##### MATERIAL SHOWN

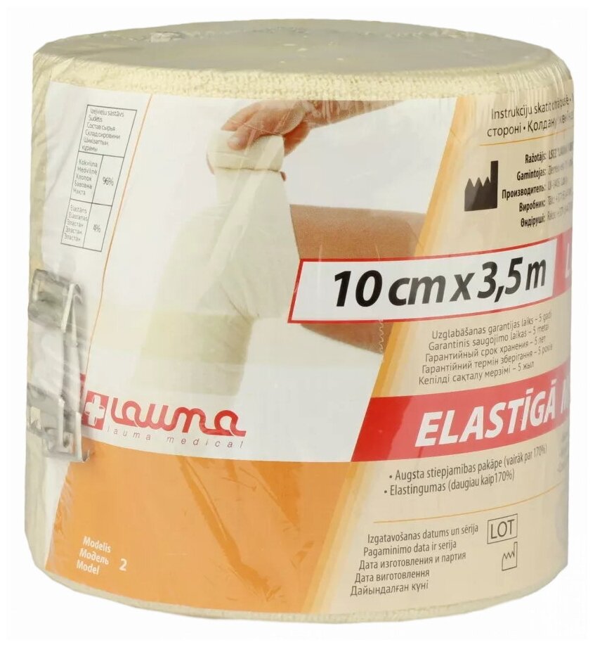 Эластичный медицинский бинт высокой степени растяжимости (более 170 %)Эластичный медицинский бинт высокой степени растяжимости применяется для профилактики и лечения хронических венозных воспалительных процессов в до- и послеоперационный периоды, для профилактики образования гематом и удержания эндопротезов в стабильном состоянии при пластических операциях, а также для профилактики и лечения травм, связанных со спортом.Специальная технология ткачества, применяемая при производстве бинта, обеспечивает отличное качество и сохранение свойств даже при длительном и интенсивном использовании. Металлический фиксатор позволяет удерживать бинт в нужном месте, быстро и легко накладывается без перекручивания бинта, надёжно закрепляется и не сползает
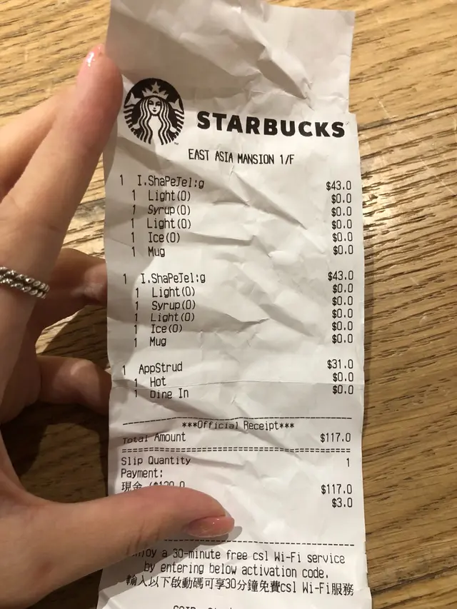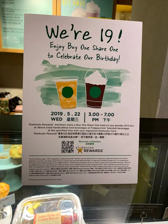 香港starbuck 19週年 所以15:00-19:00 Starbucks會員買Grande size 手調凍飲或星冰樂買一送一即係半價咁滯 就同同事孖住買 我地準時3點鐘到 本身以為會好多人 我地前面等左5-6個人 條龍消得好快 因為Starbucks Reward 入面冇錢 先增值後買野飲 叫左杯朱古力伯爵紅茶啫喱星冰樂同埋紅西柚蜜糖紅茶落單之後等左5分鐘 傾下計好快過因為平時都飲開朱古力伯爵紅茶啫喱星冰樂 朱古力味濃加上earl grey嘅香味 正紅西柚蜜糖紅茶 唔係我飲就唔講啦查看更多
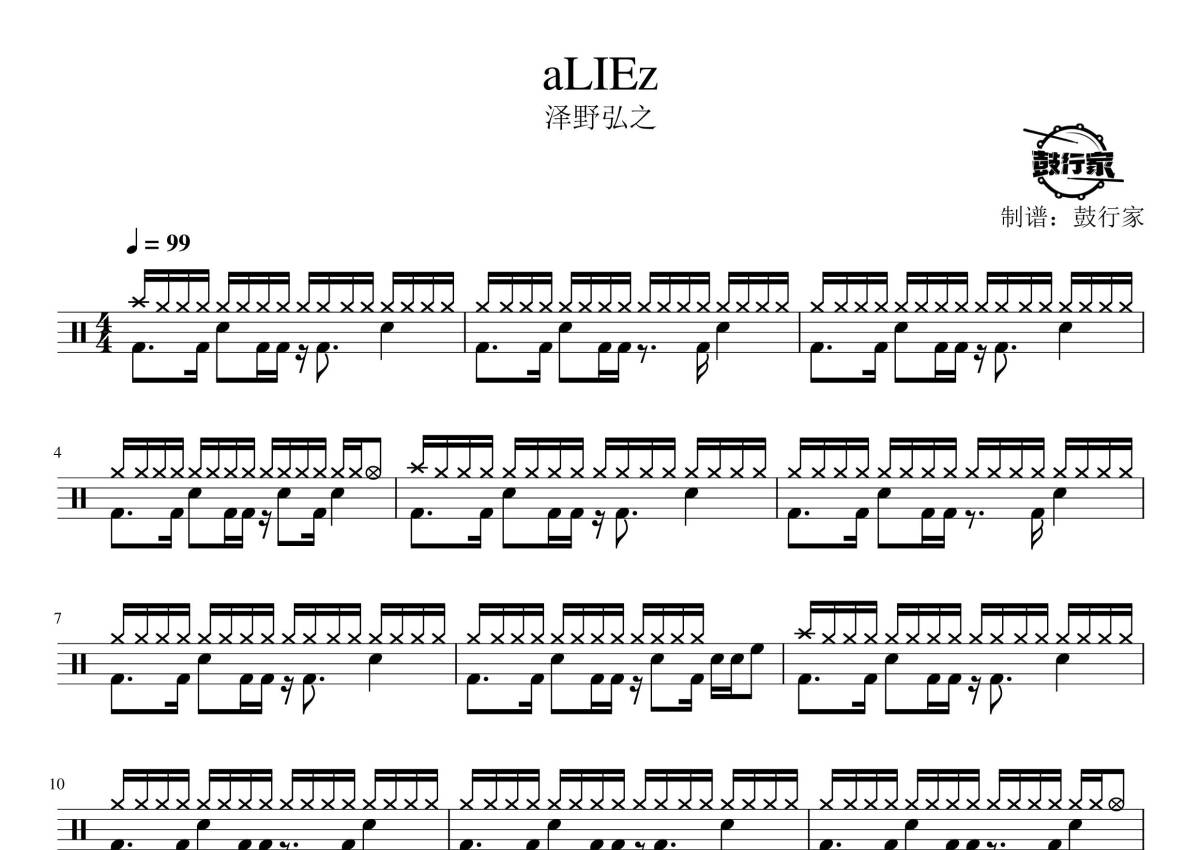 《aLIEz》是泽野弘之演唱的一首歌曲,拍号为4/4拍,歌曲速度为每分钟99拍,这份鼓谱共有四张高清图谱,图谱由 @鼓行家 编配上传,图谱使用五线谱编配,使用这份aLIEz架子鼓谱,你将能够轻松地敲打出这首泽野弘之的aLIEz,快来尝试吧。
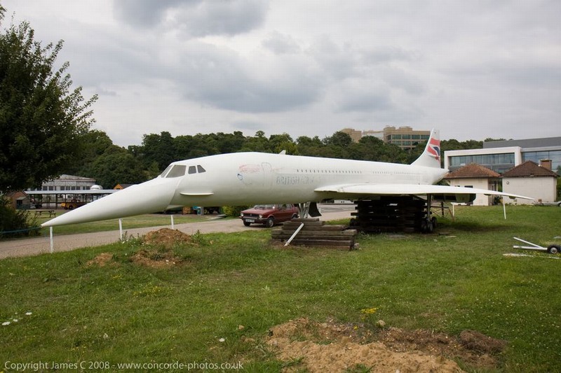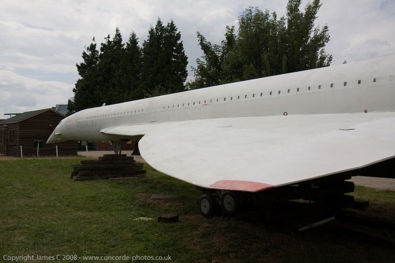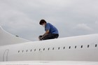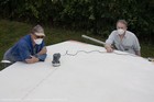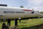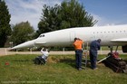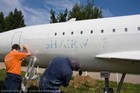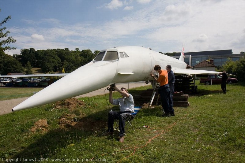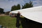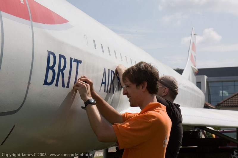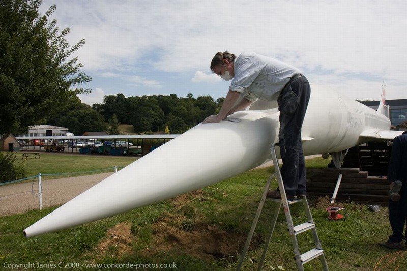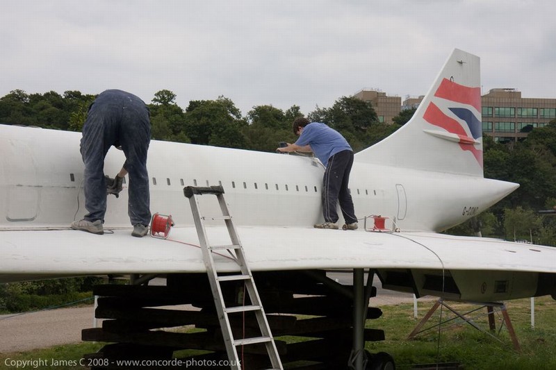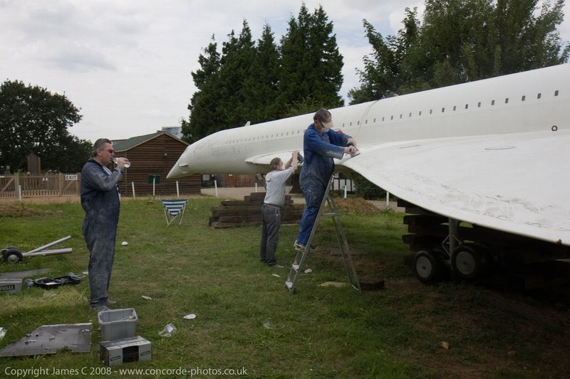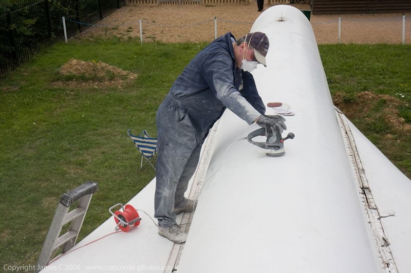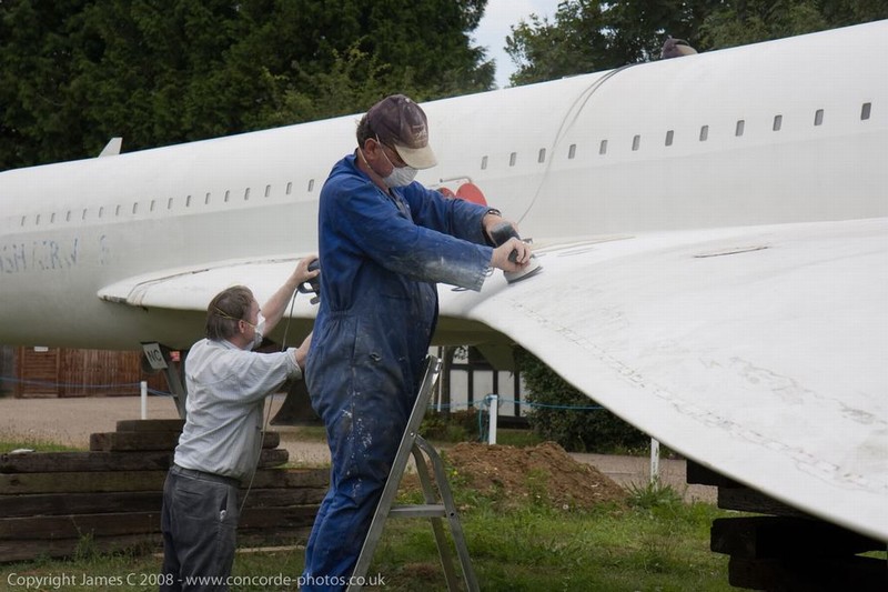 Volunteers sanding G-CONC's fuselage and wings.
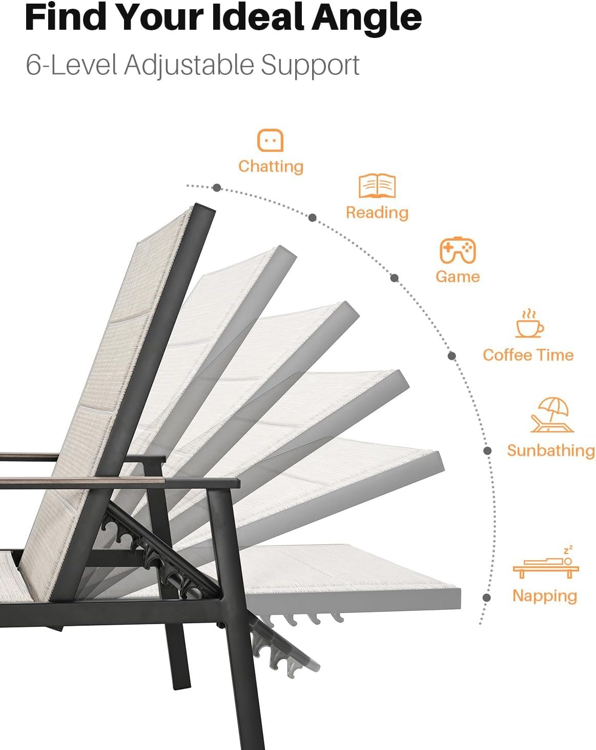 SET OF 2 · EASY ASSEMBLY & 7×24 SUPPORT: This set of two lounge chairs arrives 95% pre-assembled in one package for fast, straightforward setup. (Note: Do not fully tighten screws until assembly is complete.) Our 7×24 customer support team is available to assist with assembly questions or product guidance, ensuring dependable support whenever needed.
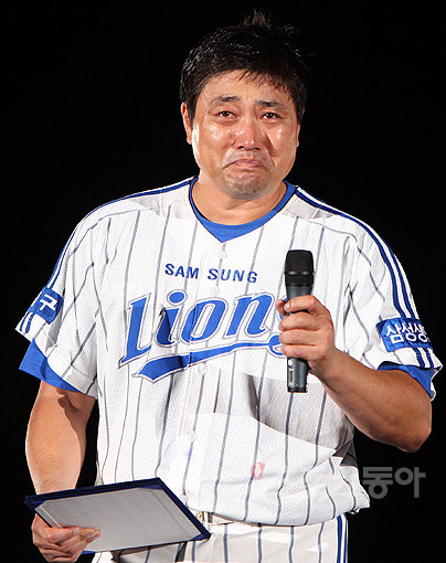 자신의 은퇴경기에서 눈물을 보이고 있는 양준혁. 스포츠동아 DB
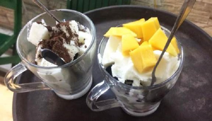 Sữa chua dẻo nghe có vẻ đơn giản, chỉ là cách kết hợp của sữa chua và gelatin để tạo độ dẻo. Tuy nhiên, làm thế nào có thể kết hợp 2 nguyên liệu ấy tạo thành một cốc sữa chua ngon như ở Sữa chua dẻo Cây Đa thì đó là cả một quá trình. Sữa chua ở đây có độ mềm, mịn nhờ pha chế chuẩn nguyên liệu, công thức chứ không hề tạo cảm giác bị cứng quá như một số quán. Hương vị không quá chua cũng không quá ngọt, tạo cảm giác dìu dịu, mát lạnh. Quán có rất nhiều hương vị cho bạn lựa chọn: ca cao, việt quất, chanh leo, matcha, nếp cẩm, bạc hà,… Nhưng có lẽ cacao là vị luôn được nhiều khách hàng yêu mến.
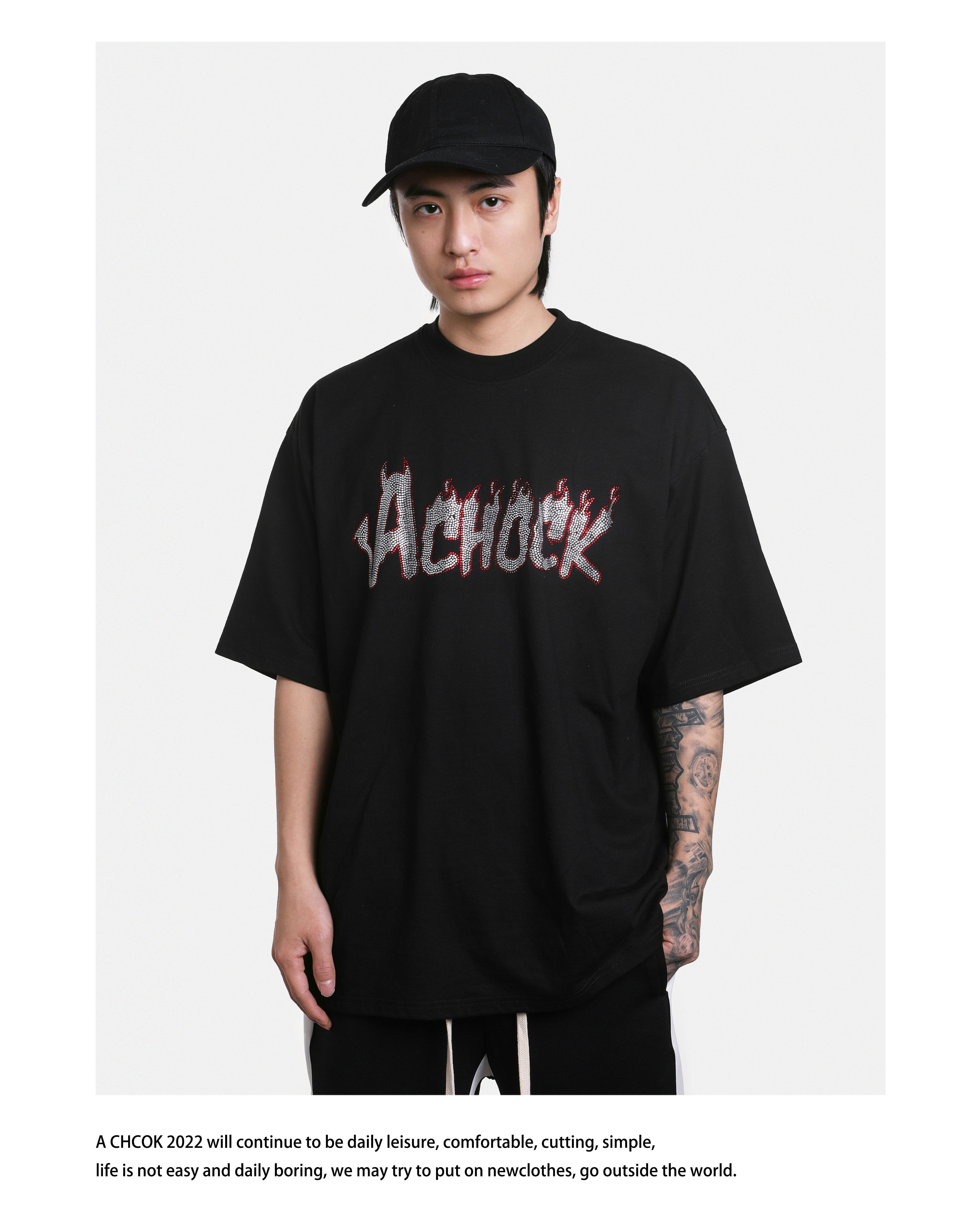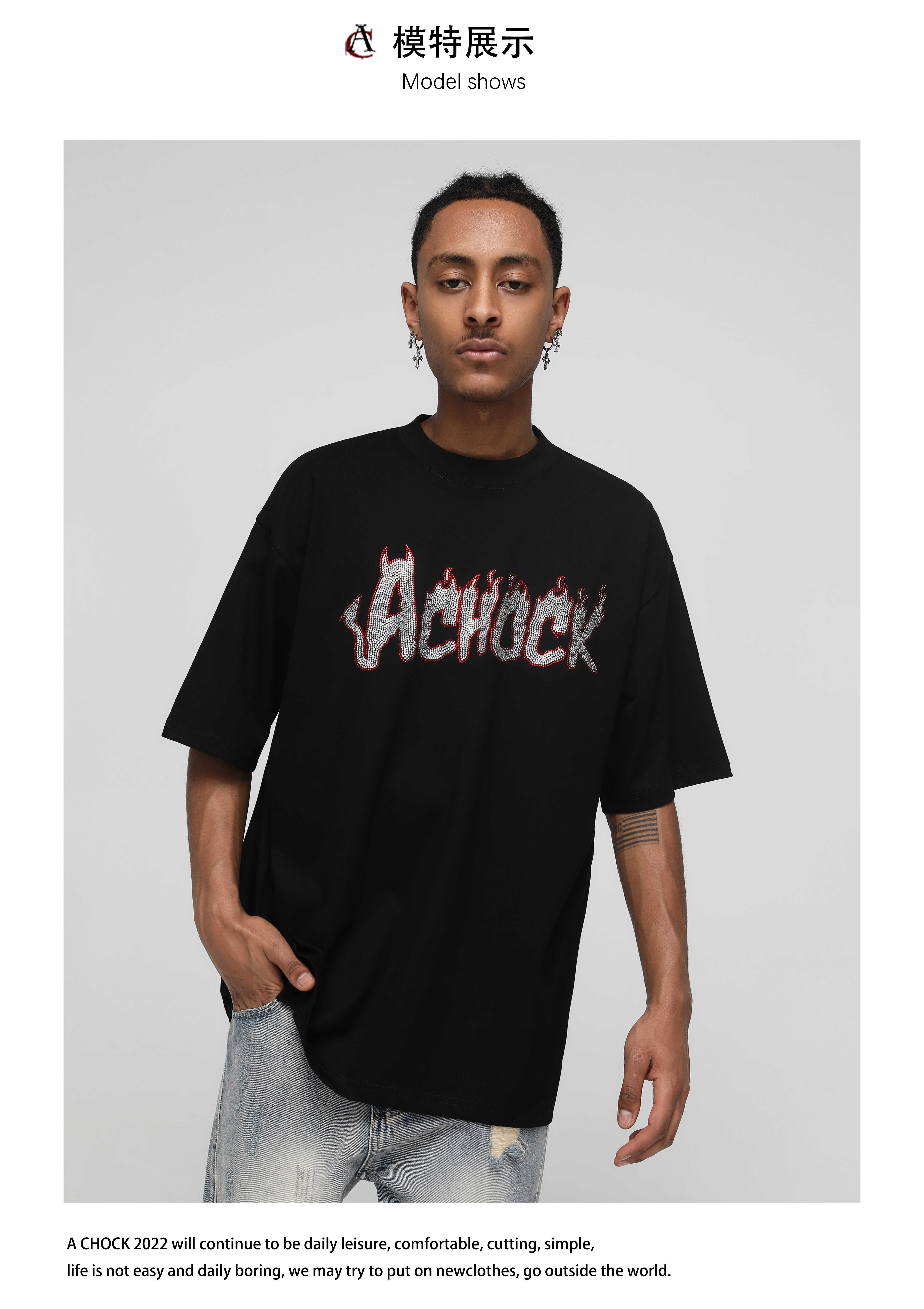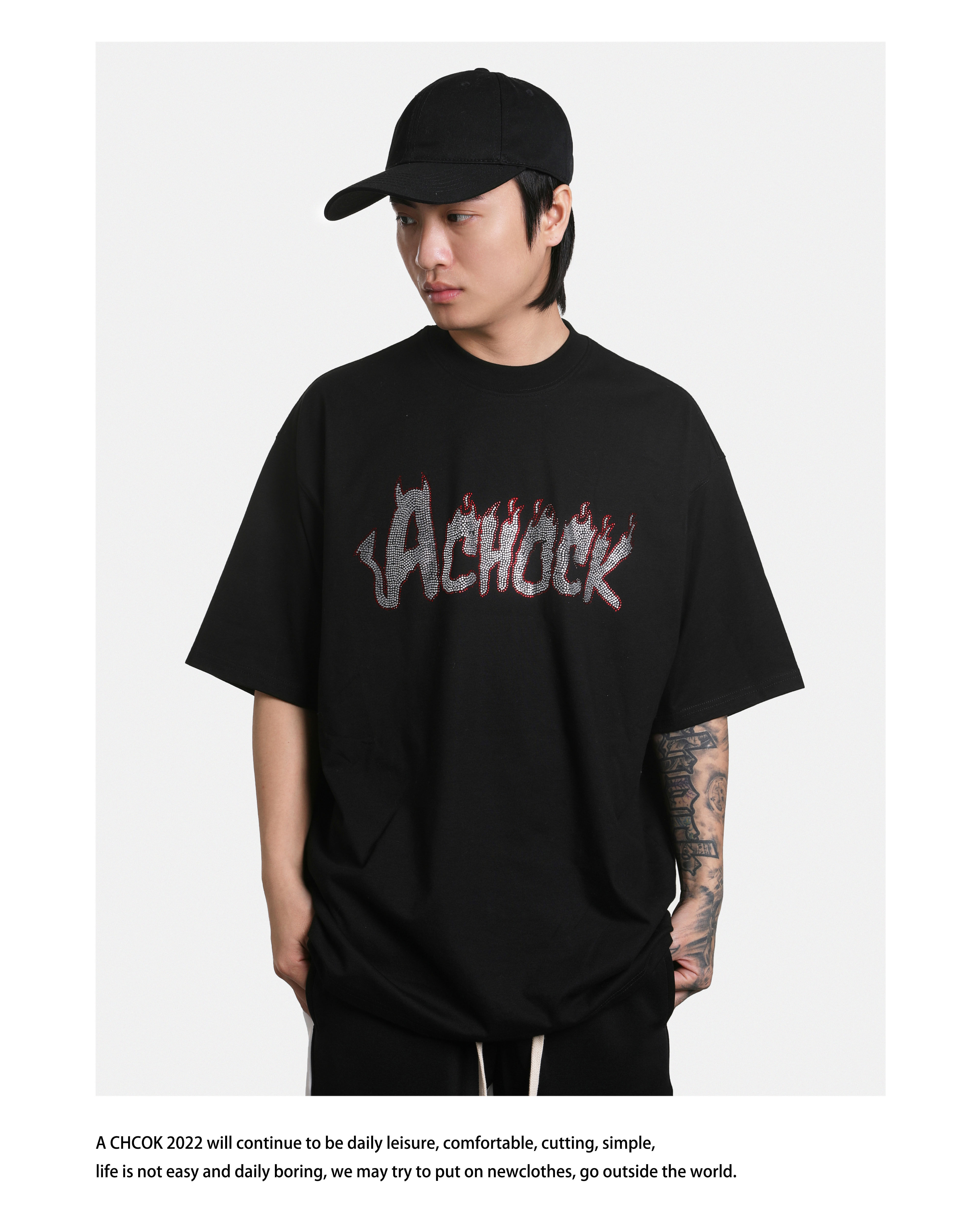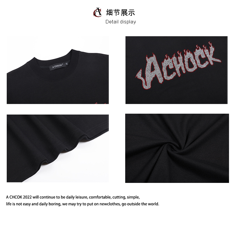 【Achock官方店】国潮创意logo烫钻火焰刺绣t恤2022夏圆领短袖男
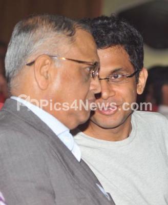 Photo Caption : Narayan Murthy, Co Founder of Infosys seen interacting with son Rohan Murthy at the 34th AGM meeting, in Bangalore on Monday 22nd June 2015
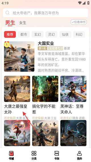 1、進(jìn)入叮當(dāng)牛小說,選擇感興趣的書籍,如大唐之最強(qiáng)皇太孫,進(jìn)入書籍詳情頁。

##########

EXERCISE
Repeat the entries exactly, pictures left out.

TASK OUTPUT
 Эластичный медицинский бинт высокой степени растяжимости (более 170 %)Эластичный медицинский бинт высокой степени растяжимости применяется для профилактики и лечения хронических венозных воспалительных процессов в до- и послеоперационный периоды, для профилактики образования гематом и удержания эндопротезов в стабильном состоянии при пластических операциях, а также для профилактики и лечения травм, связанных со спортом.Специальная технология ткачества, применяемая при производстве бинта, обеспечивает отличное качество и сохранение свойств даже при длительном и интенсивном использовании. Металлический фиксатор позволяет удерживать бинт в нужном месте, быстро и легко накладывается без перекручивания бинта, надёжно закрепляется и не сползает
 香港starbuck 19週年 所以15:00-19:00 Starbucks會員買Grande size 手調凍飲或星冰樂買一送一即係半價咁滯 就同同事孖住買 我地準時3點鐘到 本身以為會好多人 我地前面等左5-6個人 條龍消得好快 因為Starbucks Reward 入面冇錢 先增值後買野飲 叫左杯朱古力伯爵紅茶啫喱星冰樂同埋紅西柚蜜糖紅茶落單之後等左5分鐘 傾下計好快過因為平時都飲開朱古力伯爵紅茶啫喱星冰樂 朱古力味濃加上earl grey嘅香味 正紅西柚蜜糖紅茶 唔係我飲就唔講啦查看更多
 《aLIEz》是泽野弘之演唱的一首歌曲,拍号为4/4拍,歌曲速度为每分钟99拍,这份鼓谱共有四张高清图谱,图谱由 @鼓行家 编配上传,图谱使用五线谱编配,使用这份aLIEz架子鼓谱,你将能够轻松地敲打出这首泽野弘之的aLIEz,快来尝试吧。
 Volunteers sanding G-CONC's fuselage and wings.
 SET OF 2 · EASY ASSEMBLY & 7×24 SUPPORT: This set of two lounge chairs arrives 95% pre-assembled in one package for fast, straightforward setup. (Note: Do not fully tighten screws until assembly is complete.) Our 7×24 customer support team is available to assist with assembly questions or product guidance, ensuring dependable support whenever needed.
 자신의 은퇴경기에서 눈물을 보이고 있는 양준혁. 스포츠동아 DB
 Sữa chua dẻo nghe có vẻ đơn giản, chỉ là cách kết hợp của sữa chua và gelatin để tạo độ dẻo. Tuy nhiên, làm thế nào có thể kết hợp 2 nguyên liệu ấy tạo thành một cốc sữa chua ngon như ở Sữa chua dẻo Cây Đa thì đó là cả một quá trình. Sữa chua ở đây có độ mềm, mịn nhờ pha chế chuẩn nguyên liệu, công thức chứ không hề tạo cảm giác bị cứng quá như một số quán. Hương vị không quá chua cũng không quá ngọt, tạo cảm giác dìu dịu, mát lạnh. Quán có rất nhiều hương vị cho bạn lựa chọn: ca cao, việt quất, chanh leo, matcha, nếp cẩm, bạc hà,… Nhưng có lẽ cacao là vị luôn được nhiều khách hàng yêu mến.
 【Achock官方店】国潮创意logo烫钻火焰刺绣t恤2022夏圆领短袖男
 Photo Caption : Narayan Murthy, Co Founder of Infosys seen interacting with son Rohan Murthy at the 34th AGM meeting, in Bangalore on Monday 22nd June 2015
 1、進(jìn)入叮當(dāng)牛小說,選擇感興趣的書籍,如大唐之最強(qiáng)皇太孫,進(jìn)入書籍詳情頁。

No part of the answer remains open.